Closed David-Levinthal closed 5 years ago
bookcorpus/download_files.py was cloned from this repository https://github.com/soskek/bookcorpus
yes I found that and have more firewall /http issues yesterday tried again just now..and perhaps this now works ittermittently but I get messages like: Failed to open https://www.smashwords.com/books/download/490185/8/latest/0/0/existence.epub HTTPError: HTTP Error 503: Service Temporarily Unavailable Succeeded in opening https://www.smashwords.com/books/download/490185/8/latest/0/0/existence.epub
trying just the bookcorpus download distributed here results in: ~/DeepLearningExamples/TensorFlow/LanguageModeling/BERT$ sudo bash scripts/data_download4.sh
NVIDIA Release 19.03 (build 5809531) TensorFlow Version 1.13.1
Container image Copyright (c) 2018, NVIDIA CORPORATION. All rights reserved. Copyright 2017-2018 The TensorFlow Authors. All rights reserved.

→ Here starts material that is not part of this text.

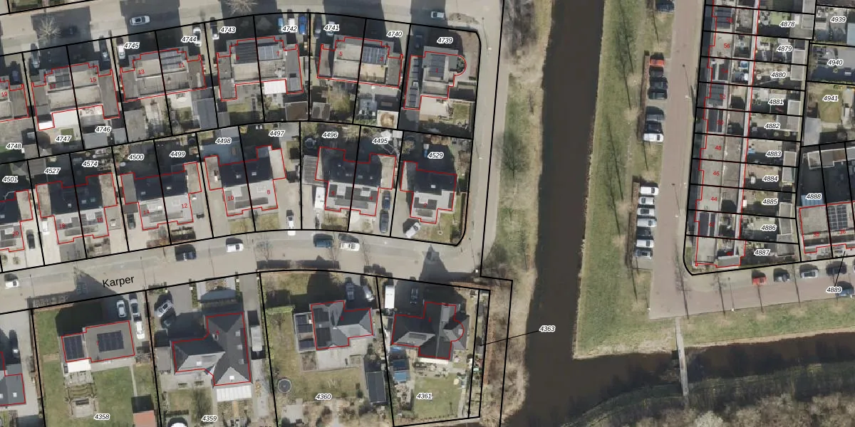 Het perceel waarop Karper 2 staat heeft een oppervlakte van 421 m². Dit is een groot perceel. De perceeloppervlakte wordt geregistreerd door het Kadaster. Gedetailleerde informatie over de maten van dit perceel kunt u vinden in het rapport Kadastrale kaart met maatvoering van Karper 2.

Various files include modifications (c) NVIDIA CORPORATION. All rights reserved. NVIDIA modifications are covered by the license terms that apply to the underlying project or file.

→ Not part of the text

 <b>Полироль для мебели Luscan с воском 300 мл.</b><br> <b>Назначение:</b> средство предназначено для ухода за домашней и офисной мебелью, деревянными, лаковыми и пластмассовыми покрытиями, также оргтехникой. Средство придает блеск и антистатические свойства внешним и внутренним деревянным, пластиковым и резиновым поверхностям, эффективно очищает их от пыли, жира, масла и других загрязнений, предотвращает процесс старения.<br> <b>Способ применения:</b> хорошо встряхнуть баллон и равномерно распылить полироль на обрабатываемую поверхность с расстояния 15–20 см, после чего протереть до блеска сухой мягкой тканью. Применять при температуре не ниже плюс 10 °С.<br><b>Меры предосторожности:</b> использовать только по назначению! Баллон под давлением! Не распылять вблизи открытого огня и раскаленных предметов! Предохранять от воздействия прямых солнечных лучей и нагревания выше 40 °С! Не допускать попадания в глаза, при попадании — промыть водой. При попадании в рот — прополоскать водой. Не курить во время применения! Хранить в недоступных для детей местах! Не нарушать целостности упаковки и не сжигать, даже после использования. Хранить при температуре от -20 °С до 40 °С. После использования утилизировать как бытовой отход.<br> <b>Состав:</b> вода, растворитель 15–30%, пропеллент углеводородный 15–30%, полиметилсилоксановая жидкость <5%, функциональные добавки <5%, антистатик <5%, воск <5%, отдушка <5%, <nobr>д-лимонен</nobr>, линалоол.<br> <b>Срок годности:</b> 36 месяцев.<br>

ERROR: Detected MOFED driver 3.0-1, but this container has version 4.4-1.0.0. Unable to automatically upgrade this container. Use of RDMA for multi-node communication will be unreliable.
NOTE: MOFED driver was detected, but nv_peer_mem driver was not detected. Multi-node communication performance may be reduced.
0 files had already been saved in /workspace/bert/data/bookcorpus/download. Failed to open https://www.smashwords.com/books/download/246580/6/latest/0/0/silence.txt | URLError: <urlopen error [Errno -3] Temporary failure in name resolution> Failed to open https://www.smashwords.com/books/download/246580/6/latest/0/0/silence.txt URLError: <urlopen error [Errno -3] Temporary failure in name resolution> Gave up to open https://www.smashwords.com/books/download/246580/6/latest/0/0/silence.txt local variable 'response' referenced before assignment Failed to open https://www.smashwords.com/books/download/88690/6/latest/0/0/how-to-be-free.txt URLError: <urlopen error [Errno -3] Temporary failure in name resolution> Failed to open https://www.smashwords.com/books/download/88690/6/latest/0/0/how-to-be-free.txt URLError: <urlopen error [Errno -3] Temporary failure in name resolution> Gave up to open https://www.smashwords.com/books/download/88690/6/latest/0/0/how-to-be-free.txt local variable 'response' referenced before assignment
Hi David,
The 503 error is likely due to a server overload or maintenance and is unfortunately outside of our control. In my experience a retry a couple hours later seems to work. On the up side, the downloader script for BookCorpus is smart enough to skip already downloaded items, so multiple attempts to get all of the books is easier.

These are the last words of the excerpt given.